Of course, for the incoming administration, attempting in advance to develop a reputation for fiscal prudence is probably a political necessity. For fiscal year 2009, which began this past Oct. 1, the federal government will run $1.2 trillion in the red, said the Congressional Budget Office (CBO) in a dire projection released Jan. 7. That’s without counting any Obama stimulus spending, since such a package has yet to be formally proposed, much less passed.

And that stimulus package could still face a difficult time in Congress if fiscal conservatives can successfully define its author as just a traditional big-spending Democrat in new clothes.

“In order to make these investments that we need, we will have to cut the spending that we don’t,” Obama said at a Jan. 7 news conference.

Nancy Killefer, director of a management-consulting firm and former assistant secretary of the Treasury, will serve as the chief performance officer. She will work with the Office of Management and Budget to streamline processes throughout the government and help agency heads better manage their people and money, according to transition officials.

“Government has the capacity to deliver services more efficiently and effectively,” said Ms. Killefer at the news conference. “I’ve seen it done.”

Announcement of her appointment followed a Jan. 6 warning from the incoming president about the state of the deficit. The US faces the prospect of trillion-dollar shortfalls for years to come, said Obama after meeting with his economic team.

But long-term fiscal discipline can help offset the short-term need for recovery spending, said Obama. He signaled that trimming the big US entitlement programs – Social Security, Medicare, and Medicaid – might be needed to help wrestle the federal budget into line.

By February, “we will have more to say about how we’re going to approach entitlements spending,” Obama said.

Obama’s professions of fiscal prudence might have been an attempt to draw some of the sting from the new CBO deficit predictions. In dollar terms, the $1.2 trillion deficit would be more than double last year’s and the biggest ever. Measured as a percentage of the US gross domestic product (which is how most economists do it, since it shows affordability) it is the largest deficit since World War II.

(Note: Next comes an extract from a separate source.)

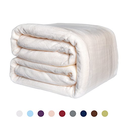 NEWSHONE Flannel Fleece Luxury Blanket - Lightweight Cozy Plush Blanket Twin,Queen,King Size(90inX108in, Ivory)
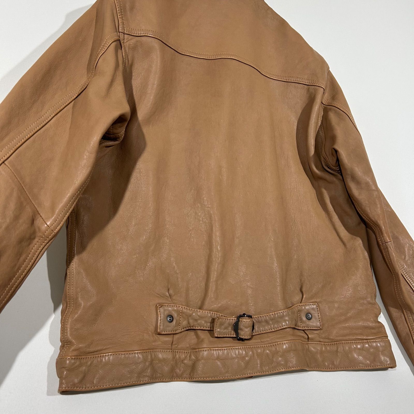 | 商品の特徴 | SKOOKUM スクーカム JACKROSE ジャックローズ 1st レザージャケット。SKOOKUM スクーカム JACKROSE ジャックローズ 1st レザージャケット。中古・古着通販】skookum (スクーカム) JACKROSE (ジャックローズ。SKOOKUM×JACKROSE 1stタイプ ヴィンテージレザー トラッカージャケット柔らかいベジタブルタンニンの羊革を使用したトレンドである短丈、トラッカーレザージャケットです。最終行程でウォッシュド加工を施し、ヴィンテージ感ある加工が味わい深く渋い一品。主観ですが手に触れたときの質感、クオリティは数十万円するような老舗レザーメーカー、ハイブランドに匹敵するぐらい上質な仕上りです。デザインは1stタイプのサンプリングなので、何にでも着合せ易く、デニムと同様に末長く経年変化を楽しめます。カラー ブラック価格47,300円(税込)サイズ: 3 サイズ:M 状態 着用は10回未満ですが、元々ヴィンテージ化工されてる表面は天然皮革なので若干の特有の匂い、細かなシワ、キズ使用感はございますが、写真のとおりまだまだ美品です。革はお手入れ済み検品済みですが小さいキズやシミ・ほつれ・小穴など見落とす可能性があります。中古ですので神経質な方のご購入はお控えください。ご理解いただいた上でご購入してください。※ご購入前に必ずプロフをご確認下さい。※ご購入者都合による返品は対応しません。※神経質な方のご購入はお控えください。#レザートラッカージャケット#シングルライダース#シングルレザージャケット#レザージャケット#レザーブルゾン#ルイスレザー#リーバイス1st#リーバイスレザージャケット#リーバイス#ジージャン#ショット#ルイスレザー#ギャップレザー#GAP#666#ジェームスグロース#アヴィレックス#チンクワンタ#バルマン#ディーゼル#エンメティ#ゴールデングース#アンダーカバー#アンダーカバーレザー#ネイバーフッド#レザージャケット#レザーブルゾン#レザーコート#バンソン#ジョンブル#ミリタリーレザーブルゾン#ユナイテッドアローズ#ビームス#ジャーナルスタンダード#アーバンリサーチ#トゥモローランド#ビショップ#フリークスストア#ナノユニバース#JACKROSE#エディーバウアー#ヴィンテージレザー#ヴィンテージレザージャケット#ヴィンテージ#APC#スクーカム#井口理#菅田将暉#優里#ベルベルジン。SKOOKUM スクーカム JACKROSE ジャックローズ 1st レザージャケット。【美品】BEAMS ビームス レザー ジップブルゾン。✨美品・641XX✨ショット シングル ライダースジャケット ブラック 7009。シップス レザージャケット ブルゾン ジップアップ ヤギ革 スエード SHIPS。6*6様 Schott ショット vintage 黒 ブラック レザーベスト L。希少 UNDERCOVER 07AW 逆ハの字レザーライダース。リチウムオム シープスキン ボンバージャケット 46サイズ。BELSTAFFベルスタッフ ジャケット フード付き RN 137608。極美品 バンソン モーターサイクルジャケット ワッペン アメリカ国旗 星。大幅値下げです!Schott Perfecto ブラックレザー ジャケット 36。カドヤ★超希少 リアルレザー 牛革 エルボーパッチ ライダースジャケット 黒 L | ||

“The federal fiscal situation in 2009 will be dramatically worse,” concluded CBO.

About $180 billion of the $1.2 trillion deficit will be due to federal spending under the Treasury Department’s Troubled Asset Relief Program. Some $240 billion will be due to US efforts to bail out mortgage giants Fannie Mae and Freddie Mac.

Given the unknown way in which these efforts will proceed and further federal economic-recovery efforts as yet unpassed, the federal budget has entered unprecedented territory, noted CBO.

“The scale and novelty of federal intervention ... and uncertainty about the degree to which those interventions will affect the economic outlook, make it particularly difficult for analysts to use historical patterns to forecast the near future,” said CBO.